Brian’s employer was wonderful and did not let him resign his position.  They supported him with extra administrative services and redeployed other staff to help him with his role.  This was an extraordinary thing for them to do and I do not know of anyone else who was treated so compassionately by their employer.  My workplace was also wonderful, understanding that my changing circumstances needed flexibility and they did what they could to support me until I had to retire 2 years ago.


Following the shock of diagnosis we decided to get on with life as best we could.  We followed all the advice about getting Enduring Power of Attorney and Guardianship sorted very quickly and put all the paper work in a drawer and forgot about it.  We organised a “last big holiday” and had another honeymoon in Tahiti – at the end of the first year we felt so good we had a second “last big holiday” and went to Switzerland and Alaska.  By the end of the next year we knew such things were too hard for Brian to manage – flights and hotels became frightening for him. We had a few long weekends away with friends but being away from home, long car trips, public toilets, and restaurants caused Brian to be fearful and me to be so stressed that none of these things continued to be fun.  Our last holiday was with our two sons in North Queensland in 2013 – they had a great time but Brian and I had to stay in the apartment in the air conditioning for most of the trip.

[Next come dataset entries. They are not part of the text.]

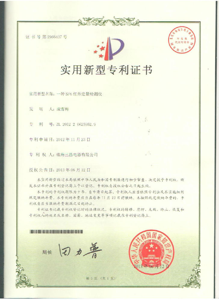 實(shí)用新型專利:一種SF6紅外定量檢漏儀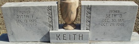 KEITH,Seth O. "Father" 30 Dec 1871 29 Oct 1949 Ritta F. KEITH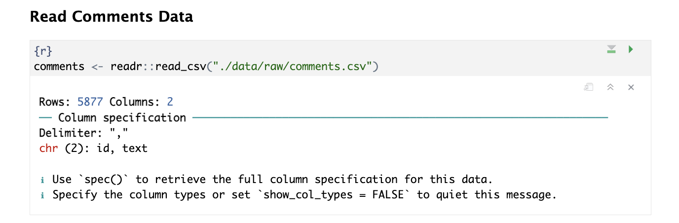 comments <- readr::read_csv("./data/raw/comments.csv")Which should show our dataset contains 5877 comments and two columns and display the comments dataset to our environment: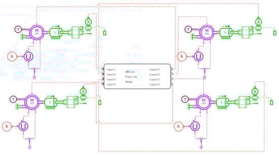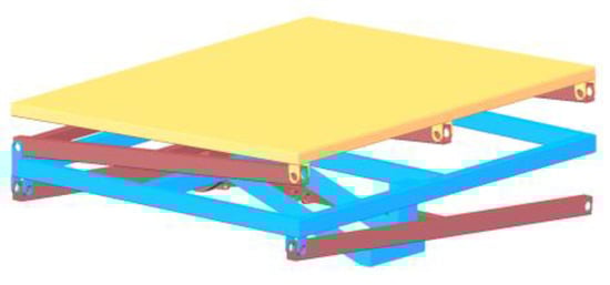 In the electromechanical leveling system, four servo-electric cylinders serve as the actuation mechanism-two are designated for lateral leveling and two for longitudinal leveling. Geometrically accurate models have been constructed and hinge-connected between: the body frame and intermediate frame; as well as the intermediate frame and chassis frame (Figure 8). The extension and retraction capabilities of these cylinders facilitate precise control over both the posture of the frame and the horizontality of the work surface.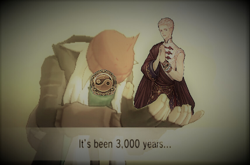 i myself flabbergasted by the fact that the two other guy looking into him sorta make funny of him lol. i just chose it because hes the only one sit on the floor while everyone else basically on top of some sort of temple, even if its just on the stair like lol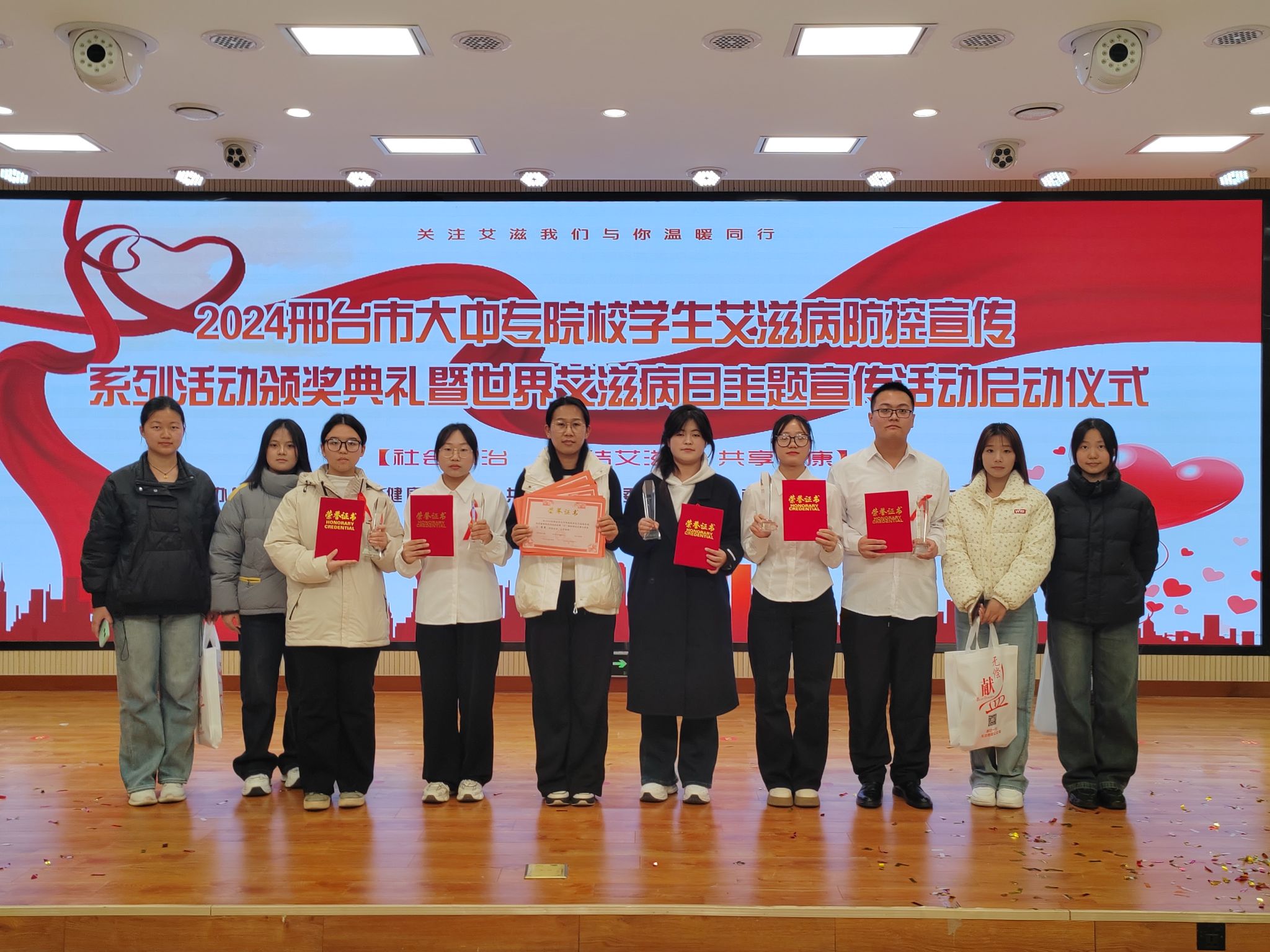 邢台市大中专院校学生艾滋病防控宣传系列活动包括辩论赛、宣传作品征集比赛和云竞赛等,开元团队获辩论赛三等奖,8个作品在宣传作品征集比赛中获奖,其中一等奖1个、二等奖2个、三等奖1个;12833名同学参加云竞赛,平均分位居前列,学校获优秀组织奖。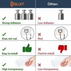 MATÉRIAUX PREMIUM – Crochets adhésifs en acier inoxydable solide et structure en PVC de bonne qualité et longue durée de vie. Propre et bien rangé, le temps ne peut pas changer sa couleur, plus longtemps aussi durable. Non toxique, recyclable, écologique et transparent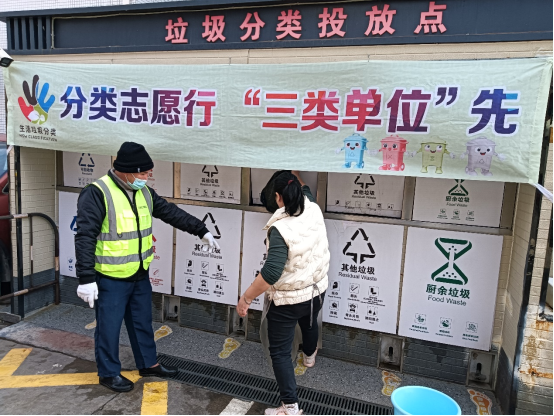 志愿者们每天在固定时段分别在社区生活垃圾分类投放点进行值守,对已经分类的居民进行开袋检查,做到准确分类,对没有分类的居民进行劝导,引导居民进行正确垃圾分类。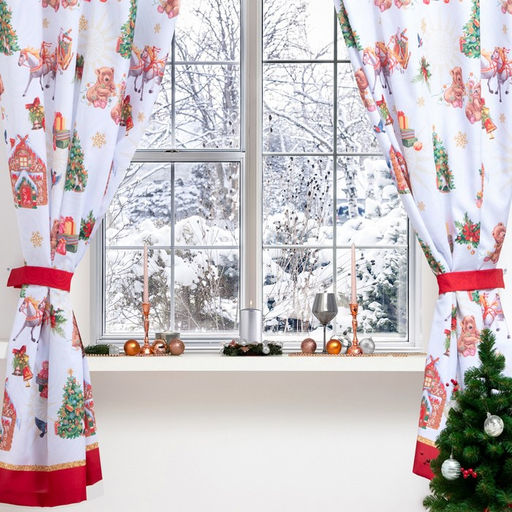 Комплект штор для кухни с подхватами Новогодняя сказка 145х180см-2 шт., габардин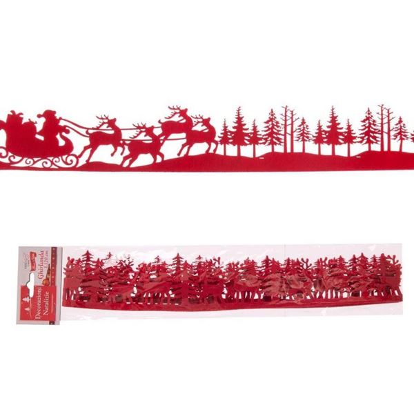 Dos guirnaldas de fieltro rojo. Una de renos en el bosque y la otra de Papá Noel en su trineo. Ideales para decorar en Navidad. Mide en total 1,2 metros de largo por 9cm de alto. Son ideales para decorar en Navidad.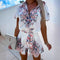 - Design: Printet top med V-hals, pufærmer, højtaljede shorts med bælte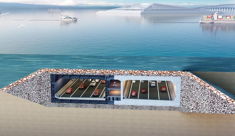 深中通道地處珠江中游核心區域,直接連接深圳經濟特區與中山市、江門市,是世界級的集橋梁、隧道、人工島和地下互通于一體的超大型跨江集群工程,主體工程全長約24千米,沉管隧道段全長6845米,采用雙向8車道,設計時速100km。其中,預制沉管段長5035米,由32節管節和1個最終接頭組成。
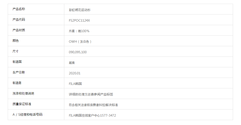 韩国F家斐乐韩国彩虹绣花运动衫卫衣FS2POC1124X_OWHJPY带授权招加盟代理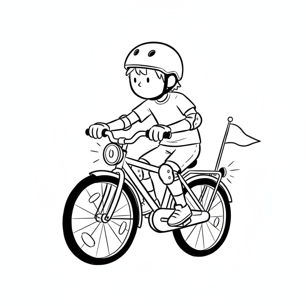 Schwarz-weiß-Zeichnung eines Kindes mit Helm und Schutzkleidung auf einem Fahrrad.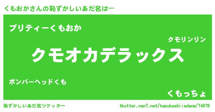 意味不明あだ名 | 『ヨモギ科くもおか属』『自称くもおか』 |

The biggest impact on our lives was the changes the disease caused in our relationship and the relationship between our two sons.   As Brian became more dependent on me I became more like his mother than his wife.  It is hard to keep a “normal” married life when one of you is so dependent on the other.  Our boys have felt the loss of their Dad.  The very close relationship they had with him as they were growing up has died and their sadness is very evident.


Brian now receives palliative care.  His disease has been aggressive and unrelenting.  I care for him at home still.  He is nonverbal and immobile.  He sleeps most of the time and we have a hospital bed in our downstairs study where we both sleep now.  Our downstairs toilet and laundry have been converted to an accessible bathroom.  We have quite a large home but I rarely go upstairs now.  We were lucky that our house lent itself so well to our new needs.  Everywhere downstairs is tiled and open plan so we can move his day chair and his shower chair easily from room to room.  I use an electronic lifter to get Brian in and out of bed.


Our youngest son still lives at home and he has suffered the most from his father’s decline.  Where I have been willing to accept the changes and roll with them our son has withdrawn completely from his dad and just pretends he is not here.  He does not eat meals with us as he hates to see me feeding Brian.  He does not attempt to speak to him, although I sometimes find him standing silently over his Dad when he thinks I am not around. Our son has become angry and even abusive at times but I cannot persuade him to get grief counselling or to see a psychologist.  I sometimes wonder if I am sacrificing him for his Dad, but I feel it is my duty to look after my husband and cannot send him to a facility where I know he will get less attention and not as good care as I can still give him. Besides, I love him dearly and just want him around.


We have led a blessed life.  We have had a wonderful relationship since we were teenagers.  Brian always earned good money and for 10 years we lived in England taking advantage of our proximity to Europe to travel as often as we could.  We have travelled extensively, never had any debts, raised two beautiful young men, come from wonderful supportive families and have the most loyal friends in the world. I would not change anything in our lives.  There is nothing we could have done to prevent this disease.  Brian ate healthily, exercised regularly, did not drink or smoke and was a brilliant student who was still studying when he turned 50.  So much for the use it or lose it theory!  While there is no cure for this damn disease I just wish it did not move so cruelly slow.